Oke oke..saya sudah kembali ke kehidupan rutin saya lagi sekarang. Tujuh hari saya di Banda Aceh, begitu banyak kejadian-kejadian unik dan lucu yang saya alami. Ada hari yang buruk dan ada hari yang menyenangkan.
Satu hari, yang mampu saya ingat tentu saja satu hari yang penuh dengan hal-hal menyenangkan. Sehari bersama Kemal di pantai Lampuuk.
Hahahahaha…gila ni anak! Pintar sekali mereka-reka percakapan orang lain hingga membuat saya terbahak sampai sakit perut dan tak mampu berjalan. Juga kenarsisannya ketika difoto. Juga ketika dia tak berani menuruni tebing dari gua yang kita panjat. Mengingat semuanya kembali saya tertawa dan senyum-senyum geli. Hihi…untung tidak ada yang melihat saya ketawa-ketiwi sendirian di kantor. Bisa gawat kan?
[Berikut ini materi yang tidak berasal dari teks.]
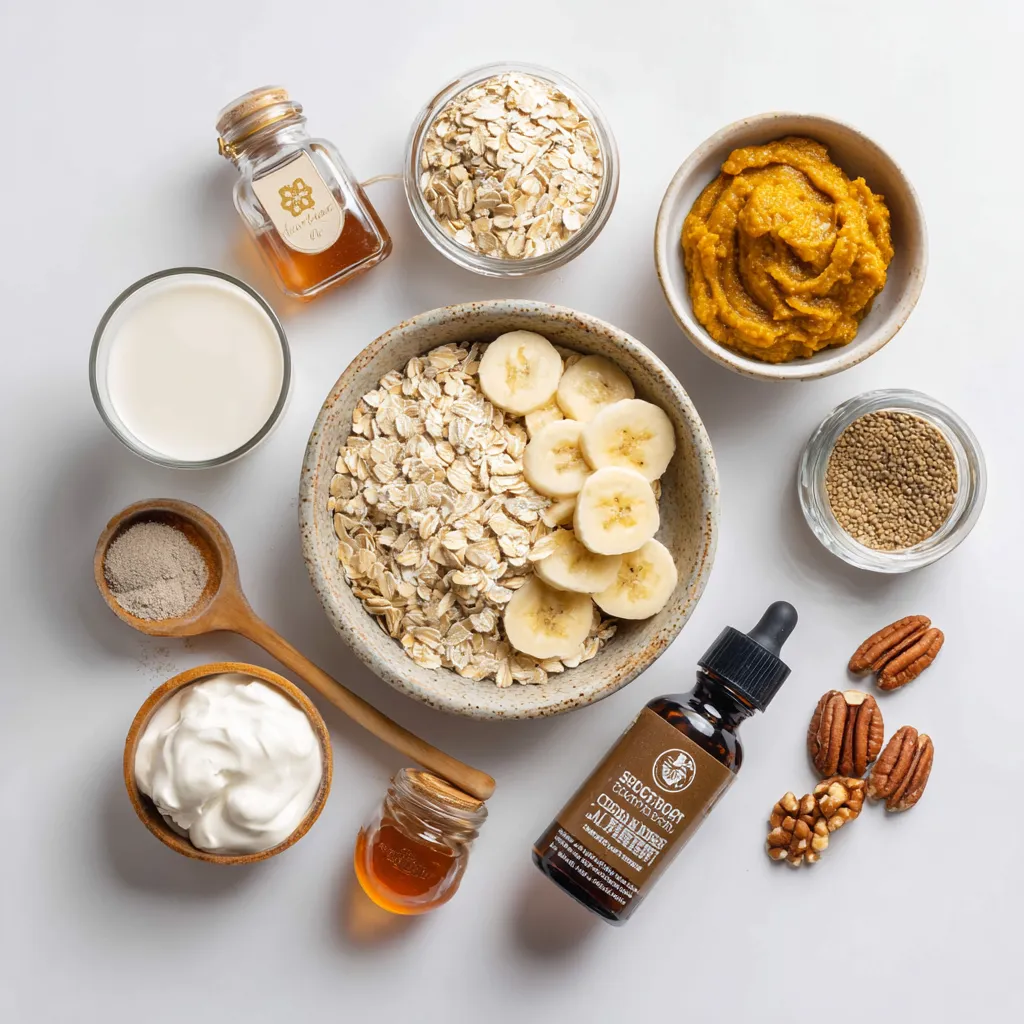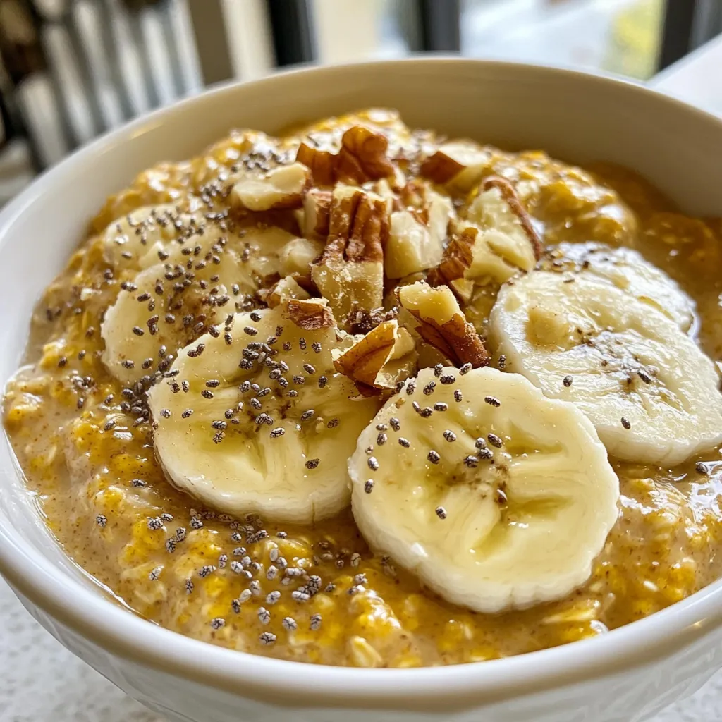 - 1 cup rolled oats - 1 cup almond milk (or your preferred milk) - 1/2 cup pure pumpkin puree - 1 tablespoon chia seeds - 2 tablespoons maple syrup - 1 teaspoon pumpkin pie spice - 1/2 teaspoon pure vanilla extract - A pinch of salt - Optional toppings: fresh banana slices, assorted chopped nuts, crunchy pecans, or a dollop of creamy Greek yogurt When measuring oats, use a dry measuring cup for accuracy. For liquids, a liquid measuring cup works best. Make sure to pack the pumpkin puree in the cup for even measurement. This ensures your oats maintain the right texture and flavor. If you don’t have almond milk, any milk works. Try oat, soy, or coconut milk. For maple syrup, honey or agave syrup can replace it. You can swap pumpkin puree with sweet potato puree for a different taste. If you want a nut-free option, skip the chia seeds or use flaxseeds instead. {{ingredient_image_2}} Start by gathering your tools and ingredients. You will need a medium mixing bowl and a whisk. Measure out 1 cup of rolled oats and 1 tablespoon of chia seeds. Add these to the mixing bowl. Stir them gently until they blend well. Set the bowl aside for now. In a separate bowl, combine 1 cup of almond milk and 1/2 cup of pure pumpkin puree. Then, add 2 tablespoons of maple syrup, 1 teaspoon of pumpkin pie spice, and 1/2 teaspoon of pure vanilla extract. Don't forget the pinch of salt! Whisk this mix until it is smooth and creamy. Pour your creamy mixture over the oats and chia seeds. Stir well so every oat gets soaked. Cover the bowl with plastic wrap or use an airtight container. Place it in the fridge for at least 4 hours, or best, overnight. This way, the oats will soak up all the yummy flavors. When you're ready to eat, stir again. If the oats seem thick, add a splash of almond milk. Now, it's time to serve with your favorite toppings! To get the best texture, use rolled oats. They soak up liquid well. You can add chia seeds for extra creaminess. When you mix the oats and liquid, stir well. This ensures every oat gets soaked. If your oats feel too thick, add more milk in the morning. This makes them creamy and smooth. You can change the flavor to fit your taste. If you want more sweetness, add honey or more maple syrup. For a spicier kick, add extra pumpkin pie spice. You can also mix in some nutmeg or cinnamon for warmth. Don’t forget, toppings like sliced bananas or nuts add flavor and crunch. Always cover your oats before chilling. This keeps them fresh and prevents drying out. Use an airtight container for best results. Let them sit overnight for great flavor. You can also prep them on Sunday for a quick breakfast during the week. This makes mornings easy and stress-free. Pro Tips Use Steel-Cut Oats: For a chewier texture, consider using steel-cut oats instead of rolled oats. Just remember to adjust the liquid and soaking time accordingly, as steel-cut oats will require more time to soften. Make it Vegan: To keep this recipe vegan-friendly, ensure that you use plant-based milk and opt for maple syrup instead of honey. Flavor Variations: Feel free to experiment with different spices like nutmeg or cinnamon, or even add a tablespoon of peanut butter for extra creaminess and flavor. Meal Prep Friendly: This recipe can be easily doubled or tripled for meal prep. Just store the prepared oats in individual containers for a quick grab-and-go breakfast throughout the week! {{image_4}} You can make pumpkin spice overnight oats dairy-free and vegan easily. Just use almond milk or any plant-based milk you like. You can also skip the Greek yogurt. Instead, add more fruits or nuts for creaminess. These swaps keep the taste great while meeting your dietary needs. Want to switch up the flavor? Try adding cocoa powder for a chocolate twist. You can also mix in some peanut butter for a nutty flavor. If you like spice, add cinnamon or nutmeg. These changes keep the recipe fun and interesting. Toppings can change with the seasons. In the fall, try adding sliced apples or pomegranate seeds. In winter, cranberries or walnuts add a nice crunch. Fresh berries in summer bring a bright flavor. Use whatever you have on hand to make your oats special. After you enjoy your pumpkin spice overnight oats, store any leftovers in an airtight container. This keeps them fresh and tasty. Place the container in the fridge. You can enjoy the oats for breakfast or a snack later. Pumpkin spice overnight oats stay good for up to five days in the fridge. After that, the taste and texture may change. Always check for any odd smells or colors before eating. You can freeze pumpkin spice overnight oats if you want to save some for later. Simply scoop portions into freezer-safe containers. Leave some space at the top, as the oats will expand when frozen. When ready to eat, thaw them in the fridge overnight. Then, stir and enjoy! Yes, you can use quick oats. They will absorb liquid faster. Quick oats make a softer texture. If you prefer a chewier bite, stick with rolled oats. Honey works great as a substitute. Agave syrup is another option. You can also use brown sugar. Just adjust the amount to taste. You can keep overnight oats for up to five days. Store them in an airtight container. The flavors will deepen over time, making each bite delicious. This blog post covers everything you need for making pumpkin spice overnight oats. We explored the key ingredients, measurement tips, and great substitutions. I shared step-by-step instructions for prepping, mixing, and chilling your oats. You learned essential tips for perfect texture and flavor. We also discussed storage options and answered common questions. With these insights, you can easily create a delicious and customizable breakfast. Enjoy the process and have fun experimenting with different flavors and toppings! Your mornings just got a tasty upgrade.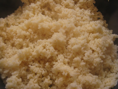 É só colocar 1 copo e 1/2 de cuscus numa taça e regar com o mesmo volume (1 copo e 1/2) de água a ferver. Eu também adiciono uma pitada de sal fino e umas nozes de manteiga.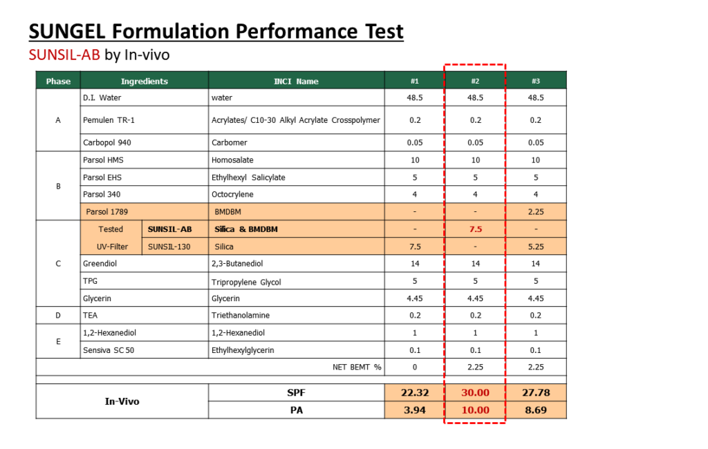 또한 SUNSIL-AB는 자외선 차단 성능이 우수합니다. 처방에 아보벤존을 따로 투입하였을 경우와 실리카 캡슐(SUNSIL-AB) 제품으로 투입하였을 경우를 비교해 보면, SUNSIL-AB를 사용한 처방의 자외선 차단 성능이 아보벤존을 따로 투입하였을 경우보다 높음을 알 수 있습니다.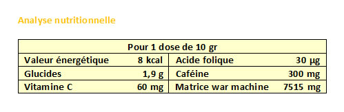 Constitué d'une matrice de créatine (monohydrate, micronisée et créatine citrate...), War Machine vous aidera à apporter à vos muscles suffisamment de créatine (3000 mg par dose) pour optimiser les performances de vos séquences d'entraînement musculaires.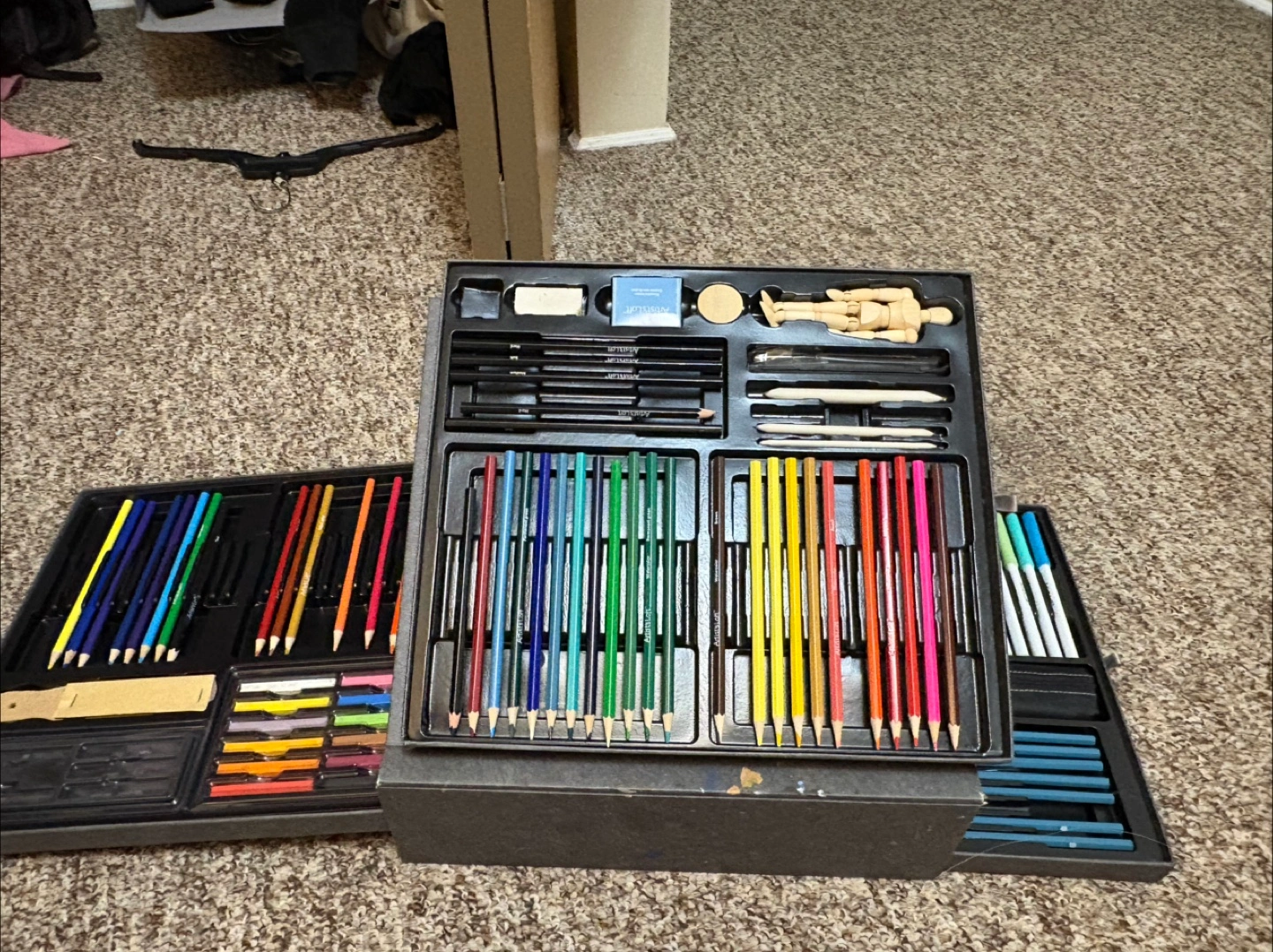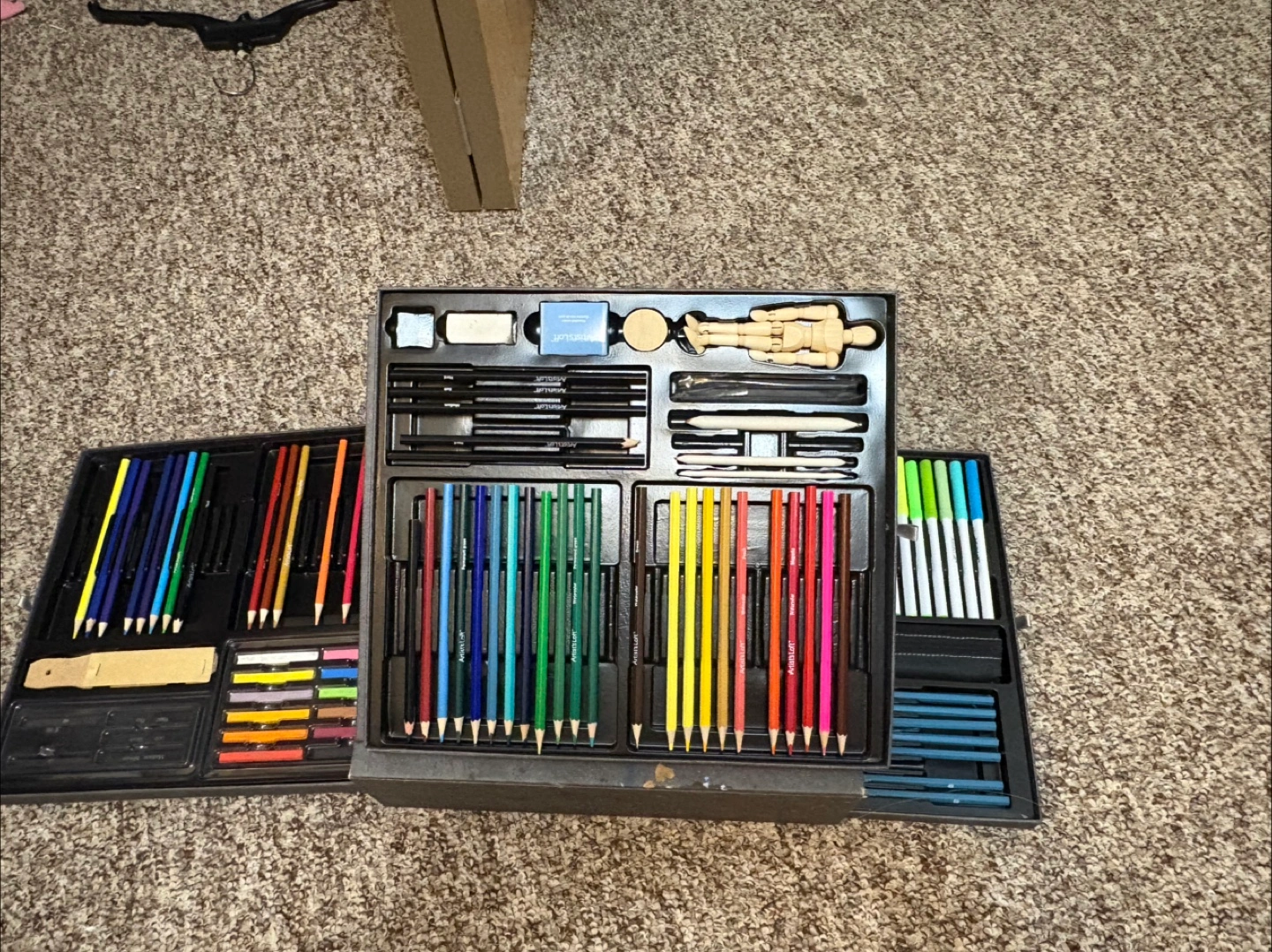 52Comprehensive art supply set. Includes coloured pencils, graphite pencils, charcoal, pastels, erasers, a kneaded eraser, a wooden mannequin, and more. All housed in a portable carrying case. Used so its missing a few colors but nothing has dried out.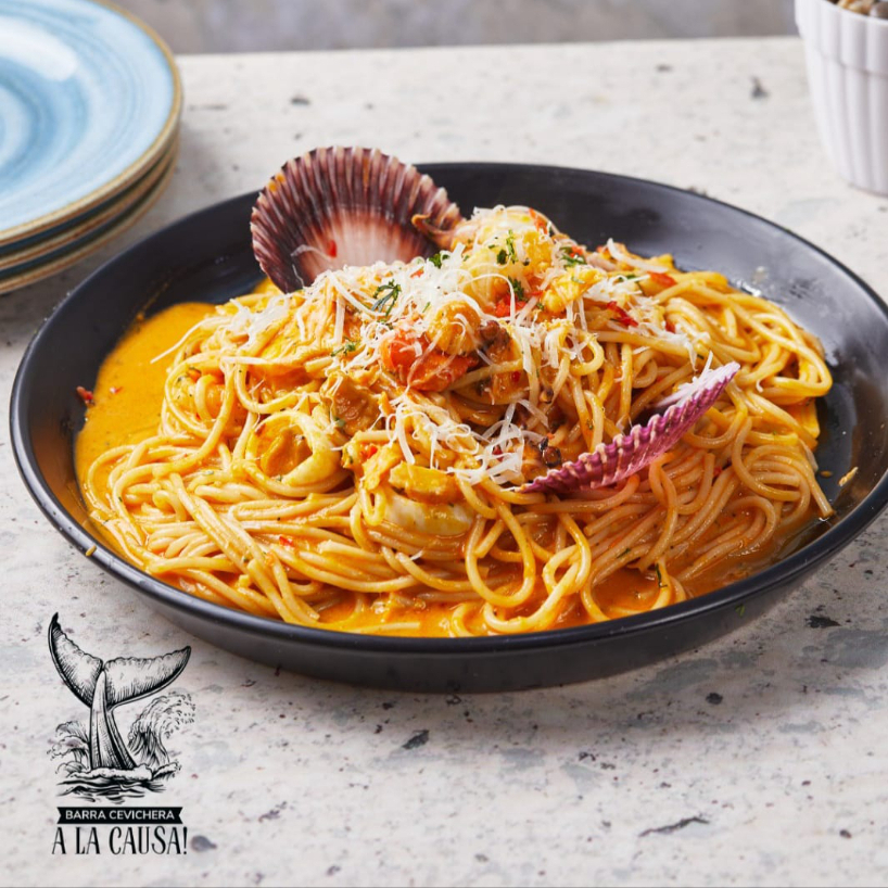 Espagueti bañado en salsa de mariscos frescos y decorado con parmesano.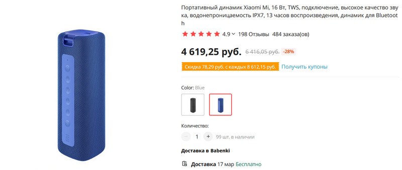 Довольно мощная беспроводная Bluetooth-колонка Xiaomi.

So, thanks to Kemal so much deh!
Peunayong – Keutapang
Berjalan kaki di Banda Aceh memang suatu keasyikan sendiri bagi saya. Sekalipun banyak reaksi miring yang bikin telinga kering tentang kebiasaan saya ini tapi semangat tetap jalan terus! Reaksi kawan-kawan yang tau tentang kebiasaan saya ini sama saja semuanya. Satu kata : GILA!
Yah, sodara-sodara.. Bukannya saya pelit tidak mau berbagi ke abang tukang becak mari dong kemari, aku mau nabok…(Haiah!!!). Tapi ini menyangkut hati, man! Saya memang cinta mati sudah berjalan kaki kalau malam-malam di Banda Aceh. Biar dikata gila juga siapa yang peduli? Nyak-nyak penjual pisang goreng saja tak peduli, apalagi kupu-kupu malam di pinggir jalan Stui!
Seperti barusan, saya kembali melihat penampakan-penampakan yang membuat saya miris. Beberapa wanita yang keluyuran tengah malam di trotoar dengan pandangan mata yang ‘penuh harap’ ke arus lalu lintas. Demi mencari makan mereka terpaksa atau tidak, harus bekerja seperti itu. Saya jadi merasa bersalah ketika tadi begitu menikmati makanan-makanan di Daus. Yah, sekalipun ditraktir sih.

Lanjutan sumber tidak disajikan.